After long musing on George Lakoff... I have concluded:
There are two moralities in the Bible: one good, and one evil.
Well-meaning people can support either or (probably) both. And feel they are merely standing for everything good and true and right; that's why it makes sense to call both of them "moralities," or 'concepts of morality.'
And the Bible speaks with both voices. Not only can "the Devil quote Scripture;" he wrote a big chunk of it!
Also, as James Kugel says in How to Read the Bible, people have long read the Bible as God's guide to how He wants us to live.

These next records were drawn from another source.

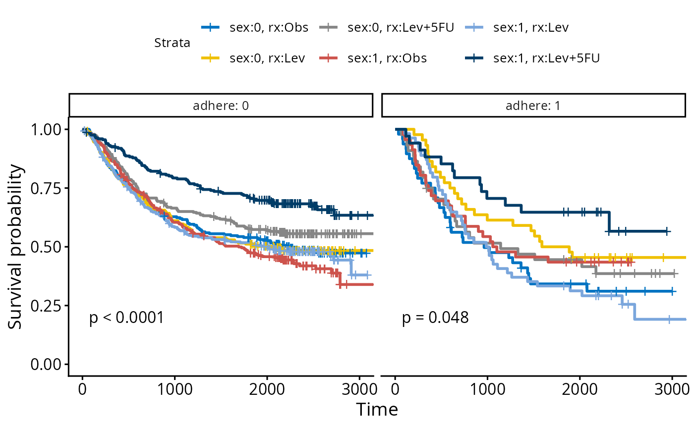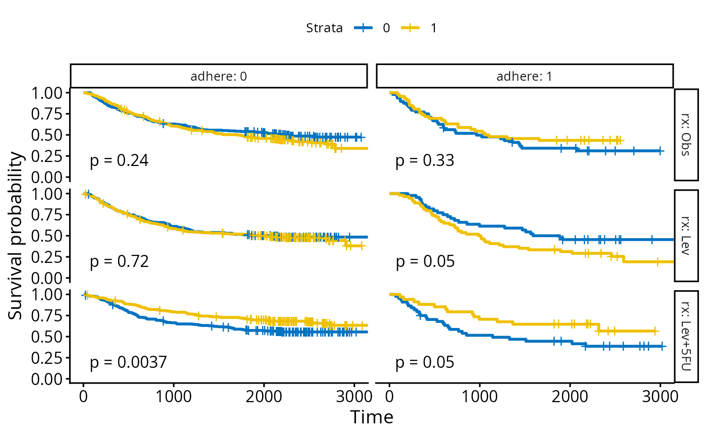 ggsurvplot_facet(fit, colon, facet.by = c("rx", "adhere"),
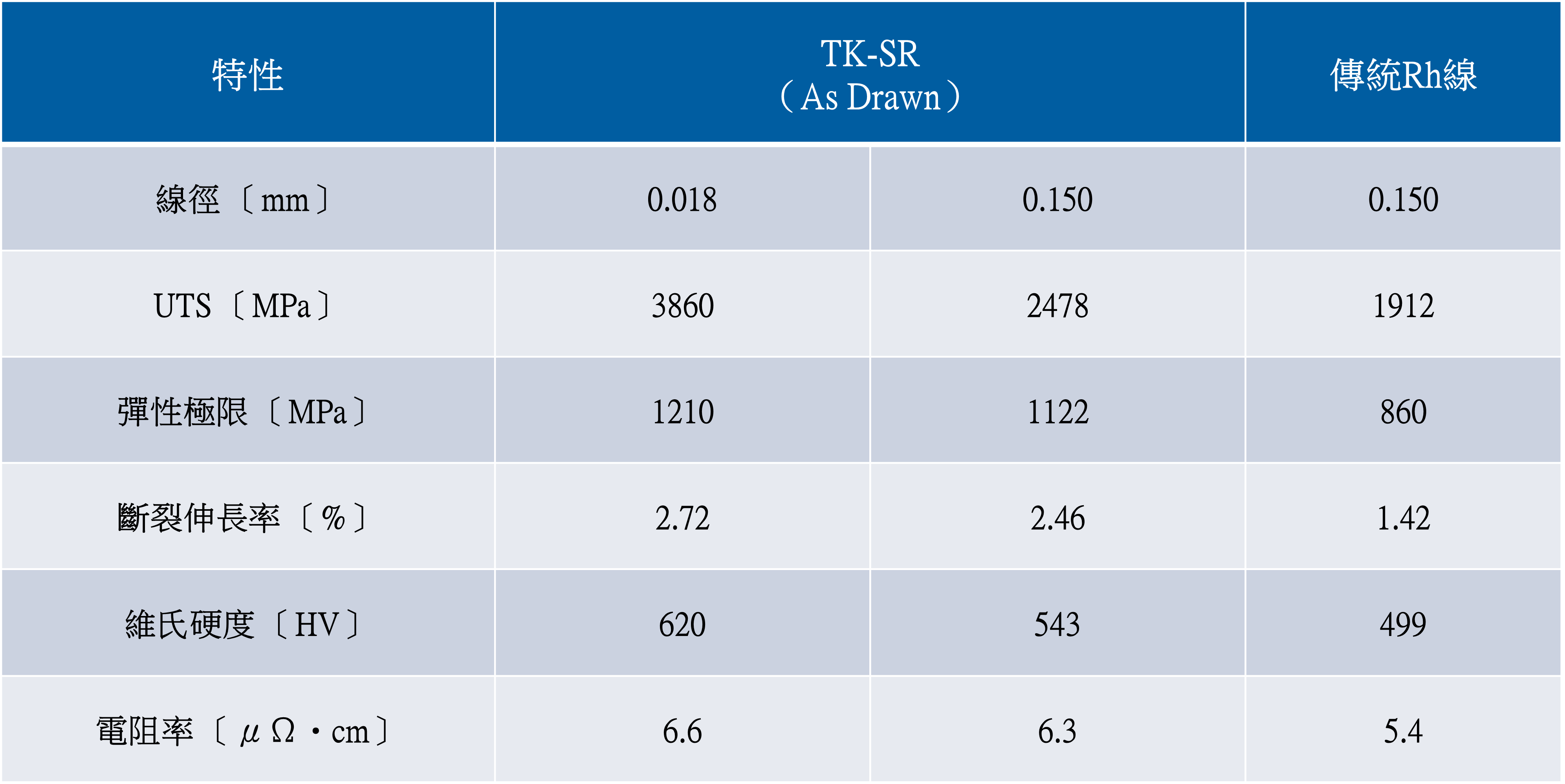 【「TK-SR」與傳統Rh線的特性比較】
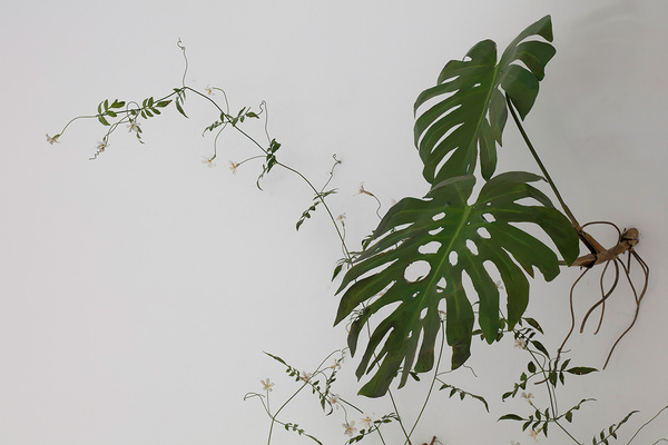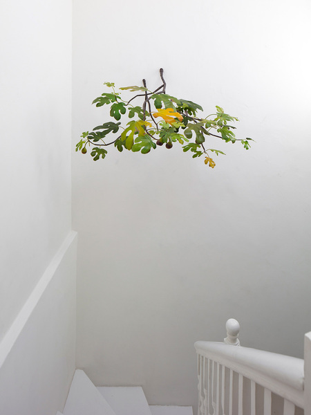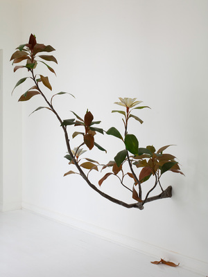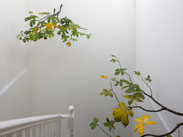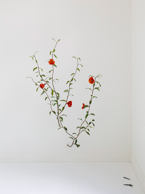 Пустые белые стены из которых растут хрупкие ветви растений которые бережно изготовлены автором.
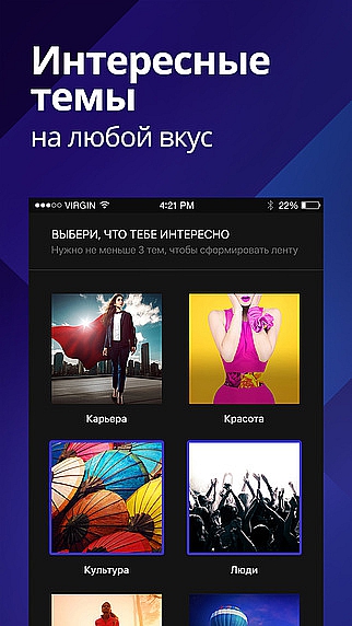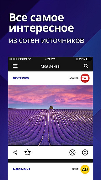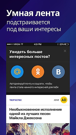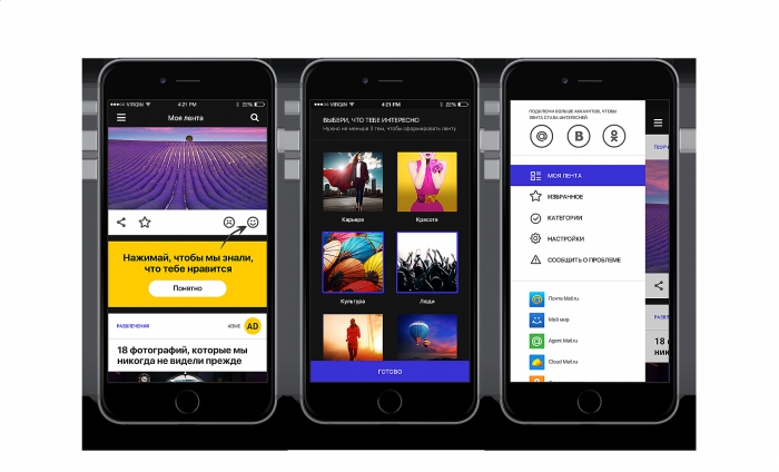 Пользователю достаточно открыть приложение, чтобы увидеть свежие публикации на интересующие его темы. Лента рекомендаций начинает формироваться при первом запуске, когда Likemore предложит выбрать интересные рубрики из 13 возможных. Кроме того, к приложению можно подключить аккаунт во «ВКонтакте», «Одноклассниках» или «Почте Mail.Ru», тогда будет учитываться онлайн-активност
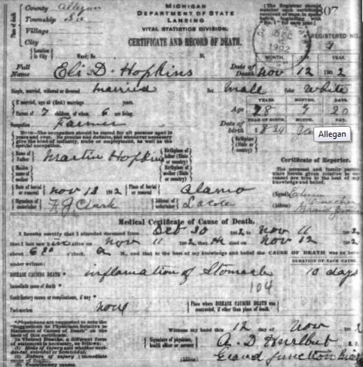 Eli D Hopkins was born to Martin Hopkins, Jr. and Sabrina Green in New York on January 23, 1824. He died November 12, 1902 in Allegan Co, Michigan Eli married Mary Ann Braman in 1844 in New York. She is the daughter of Seth Braman and Dorcas Green. Eli and Mary Ann Hopkins had seven children between 1845 and 1863, all except the first were born in Michigan. |
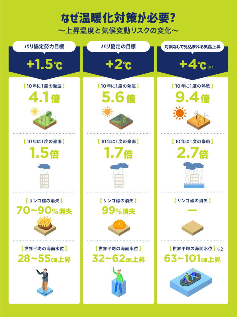 気候変動に関する政府間パネル(IPCC)では、温暖化のさまざまなシナリオを想定しています。産業革命前と比べて21世紀末までの世界平均の気温上昇を産業革命前に比べて「1.5℃以下」「2℃未満」「4℃未満」と抑える場合、それぞれの影響が大きく異なります。
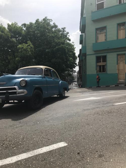 쿠바대학교 앞 삼거리 우회전 하는 차.
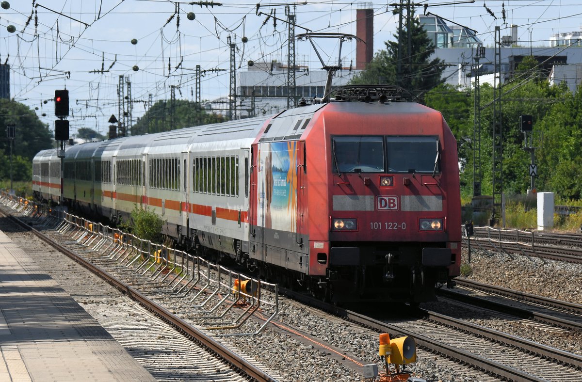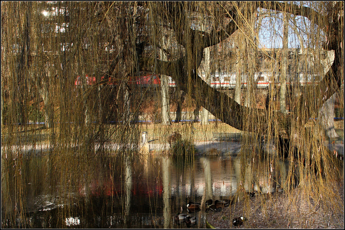 Bei seiner Ausfahrt aus dem Stuttgarter Hauptbahnhof in Richtung München, fährt der ICE Valero D in Stuttgart zunächst am Unteren Schlossgarten entlang. Das Hellgrau diese Zuges sticht nicht so hervor, wie das Verkehrsrot der Nahverkehrszüge.
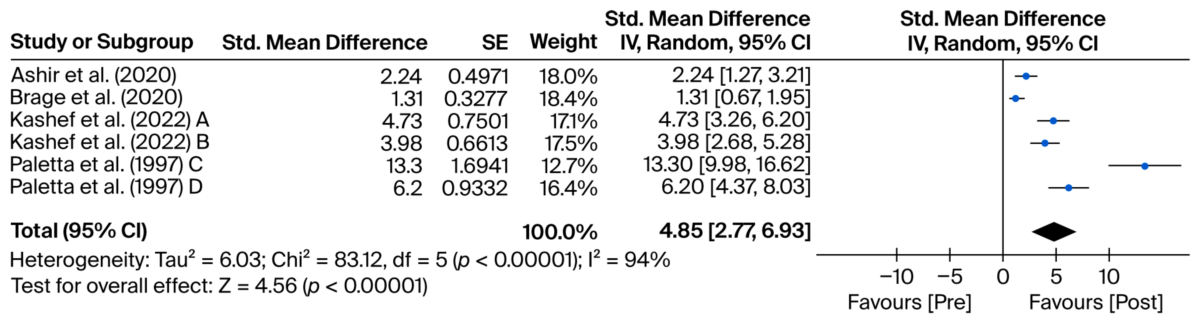 | Reference [14] | Switzerland | Observational study | n = 65 (34 experimental, 31 control) | No specific comparative intervention | 3–12 months | ASES, SST | Increase in SST; no significant changes in ASES. |
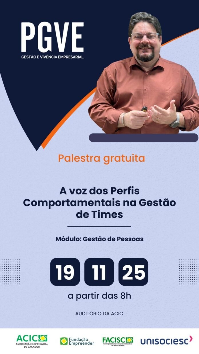 Associação Empresarial de Caçador (ACIC) promove mais uma palestra gratuita dia 19 de novembro a partir das 8h, trazendo a Caçador o professor Fabrício Albrecht, que abordará o tema “A Voz dos Comportamentais na Gestão de Times”.
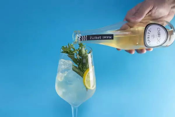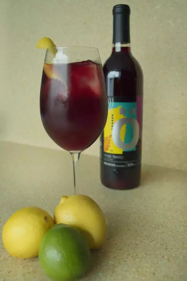 Llenar de hielo una copa de vino y enfriarla bien. Poner cada ingrediente y mezclar. Decorar con un rodaje de limón amarillo y hojas de menta.
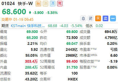 华盛资讯1月19日消息,快手-W跌超5%,现报68.6港元。根据公告,该公司董事长宿华于1月18日交易时段后通过大宗交易减持约5471万股B类股票。快手方面回应称,宿华此次出售所得款项将用于慈善公益捐赠、前沿科技探索以及基础设施投资等领域。
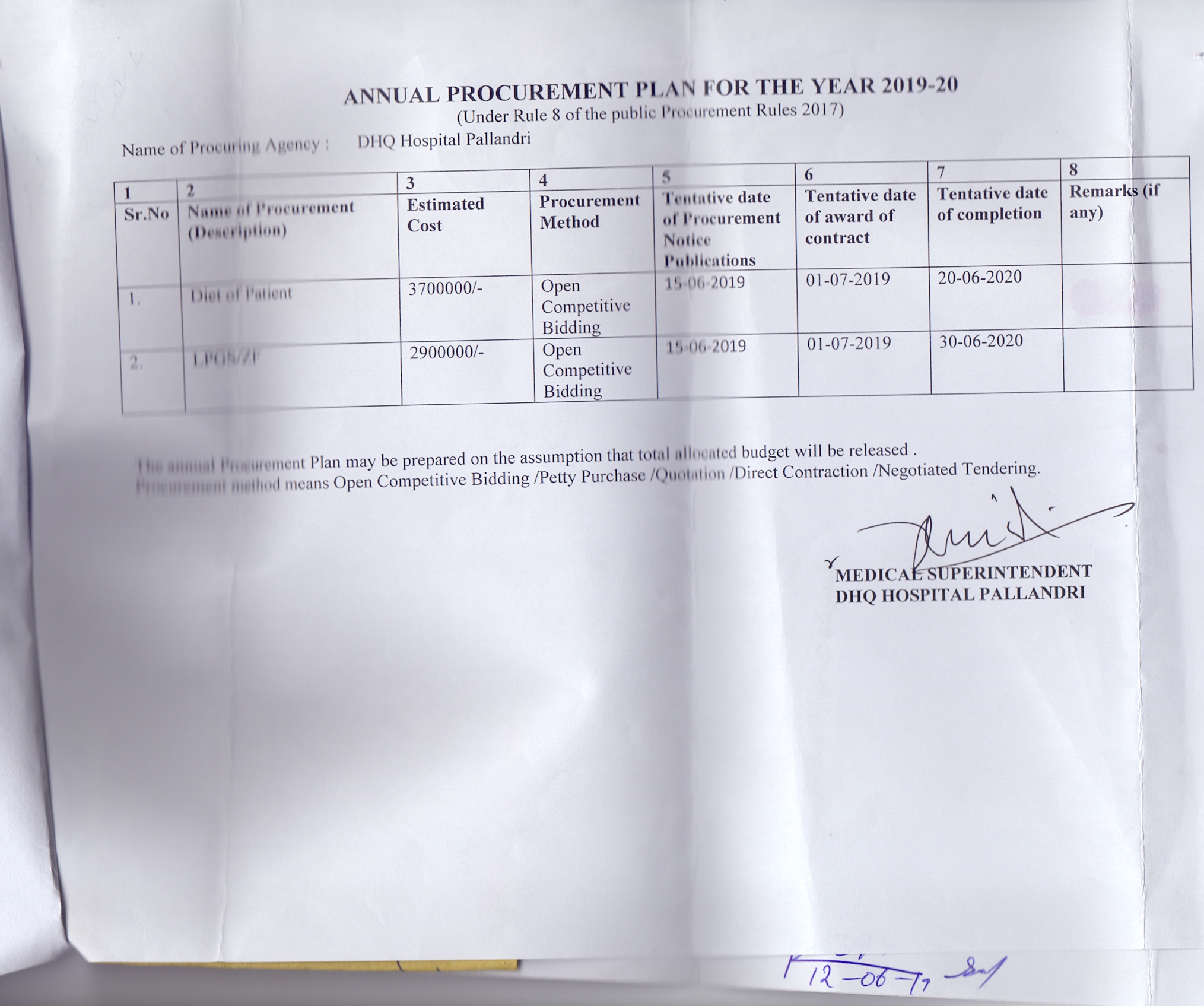 | Annual Procurement Plan (DHQTH) | 2019-20 | Health Department | Health Mirpur | Download File |
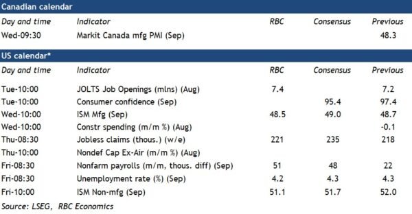A quiet week for Canadian economic data releases will leave focus on the external backdrop, particularly U.S. labour markets in Friday’s payroll employment report (as well as potential backward revisions.) The data is set for a release on Friday October 3rd – although that release could be delayed if a looming government shutdown on October 1st is not avoided.
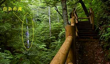展望所が見え始めると、2つ目の橋(写真左)までは僅かです。橋の先の正面には「白糸の滝」の看板(写真右)があり、その上には展望所が建っています。
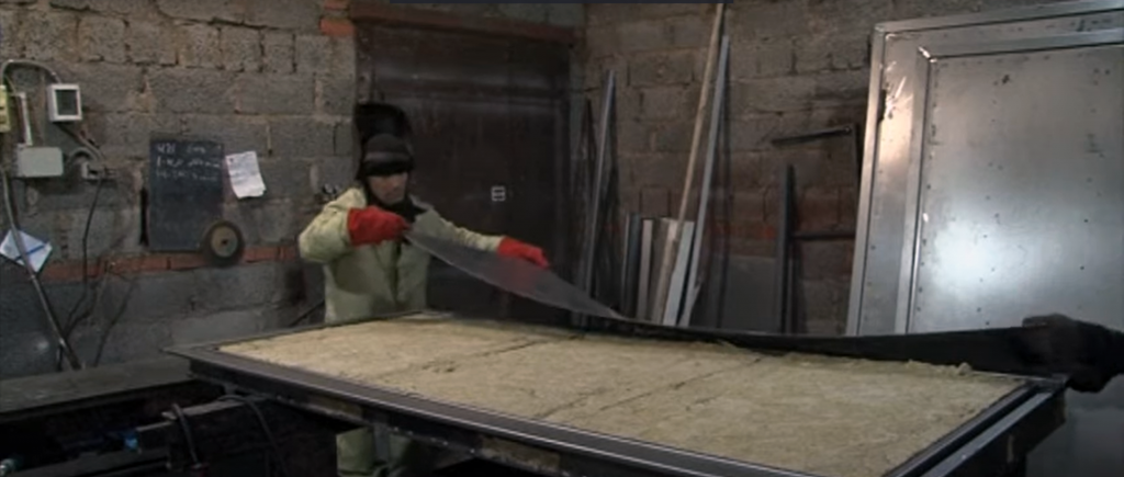 Лучшей изоляцией для удовлетворения всех предъявляемых к полотну требований является минеральная вата. Данный материал обладает высокой пористостью и низкой объёмной массой, что делает его эффективным утеплителем, а также помогает поглощать большинство шумовых воздействий. Кроме того, данный изолятор не горит и не плавится при воздействии открытого огня, являясь противопожарной преградой.
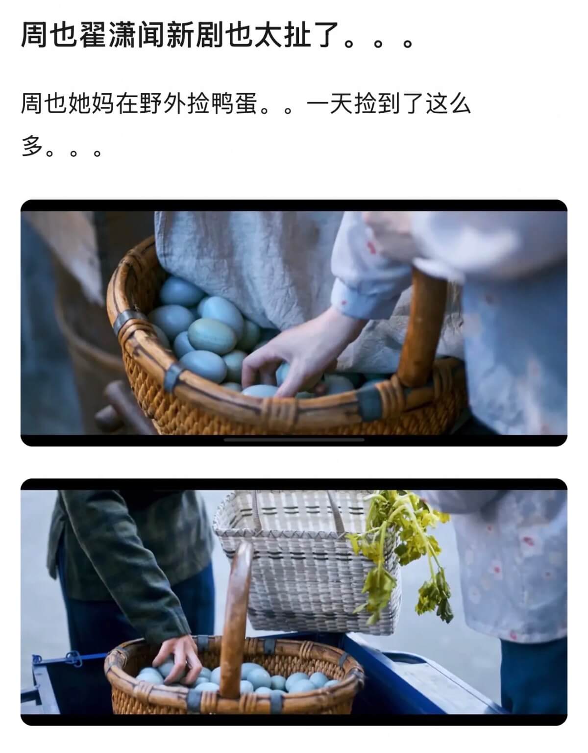 結果沒想到才開播不久,就因為賣鴨蛋劇情被網友們炮轟:「太扯了!」是噠,先來看看,周也媽媽在野外撿鴨蛋,一天內就撿到了這麼多👇
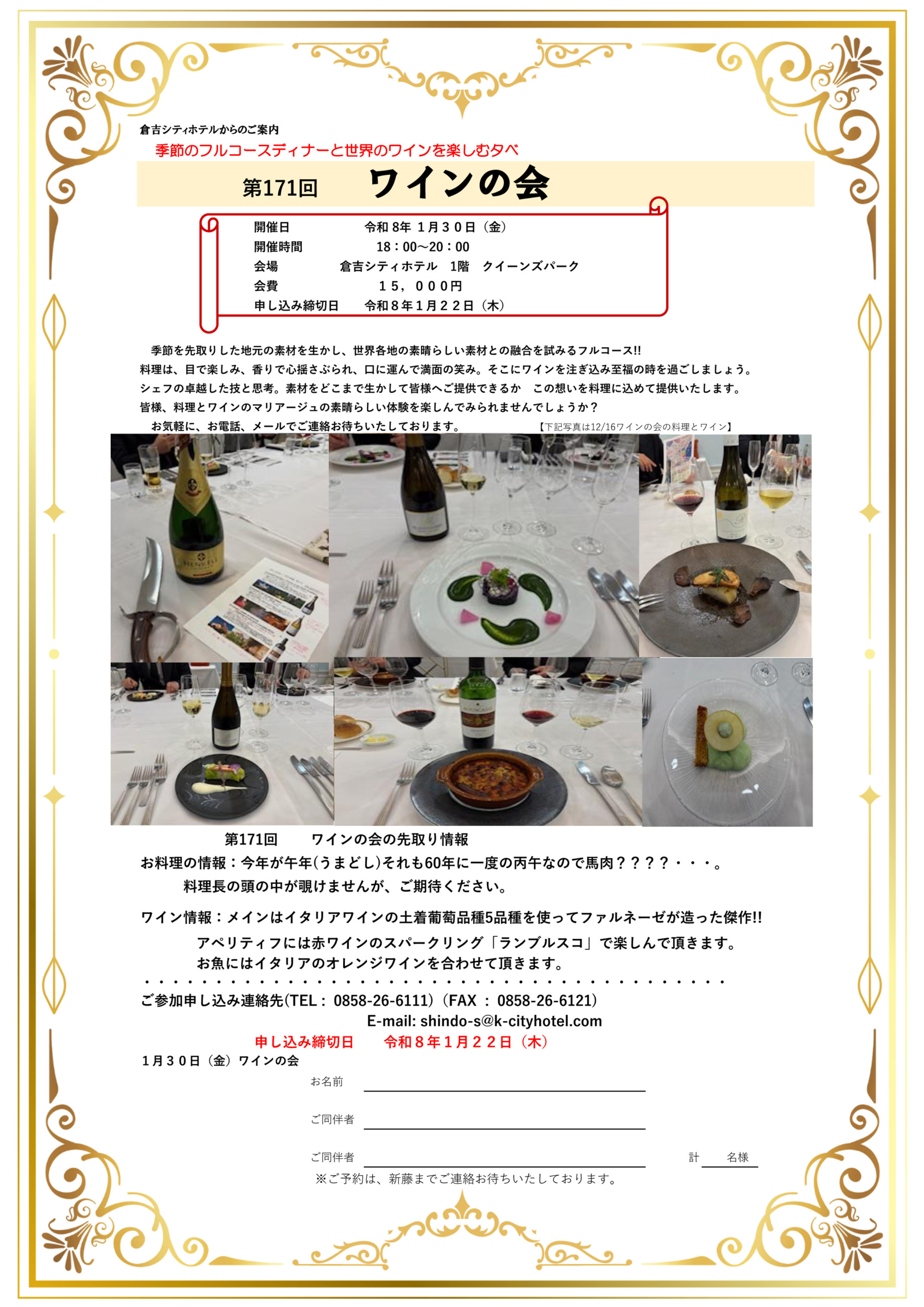 倉吉シティホテルではワインの会を楽しむ会を開催いたします。
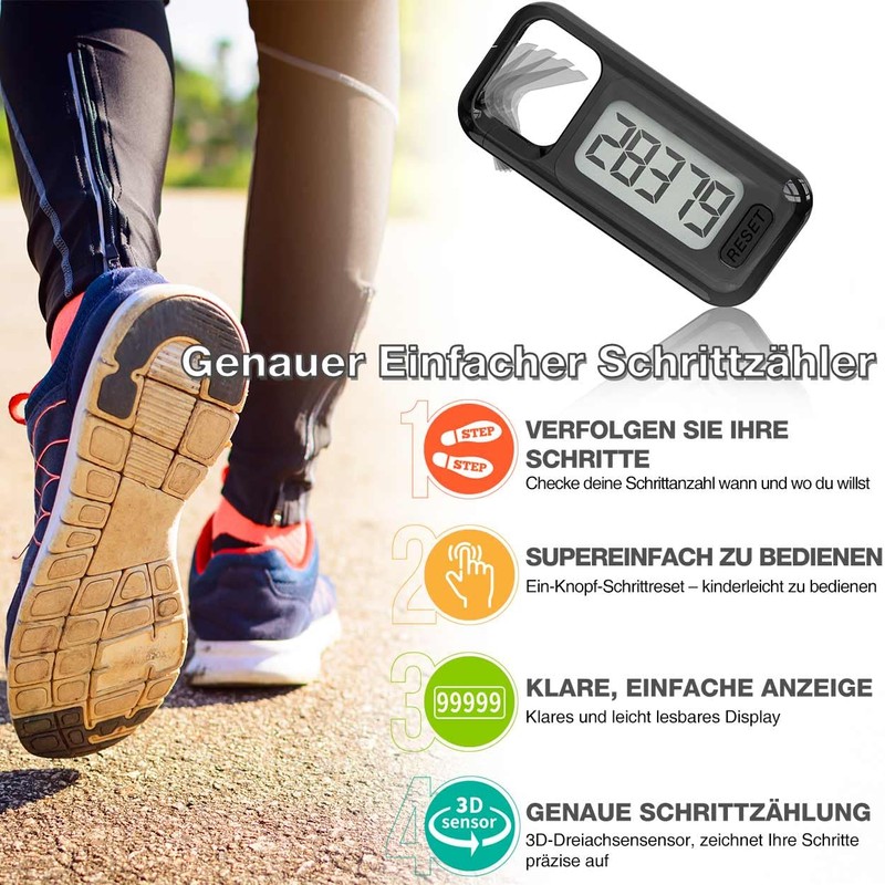 - Large, clear display: with clear display and easy to read numbers - all values can be seen at a glance. Displays up to 99,999 steps!
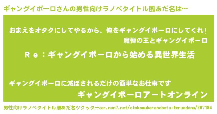 意味不明あだ名 | 『自称ギャングイポーロ』 |

Now the Bible is truly a fun book! But very few of us would be slogging through the gnarly bits if we didn't agree that God, in some sense, has provided this anthology to help us sort out what's what, Who's Who, and where the little 'You are here' mark ought to go...
But it's a book written by human beings, with all the dirty fingerprints this implies. Interpreters can ignore these, bring out wonderful meanings via the belief that everything in there is meaningful and true... but the conjectures and fudge-factors this requires grow like Pinocchio's nose, like the epicycles of Medieval astronomy, like modern "Skeptics'" efforts to deny the power of Spirit.
Everything on this Earth is divinely created, can speak to us at any moment, whether from a Bible or a children's book. So we are constantly needing to practice discernment: 'What Light can I find in this?' vs 'What interpretations of this might mislead me?'
Two moralities. In the world, people assert: "God says this!" vs "God says that"; and in the Bible it is much the same. We might argue texts for some very long time.
But it cannot be denied, that Jesus is condemned and ultimately killed, by a coalition of the pious and the powerful. And it is Jesus whom God vindicates.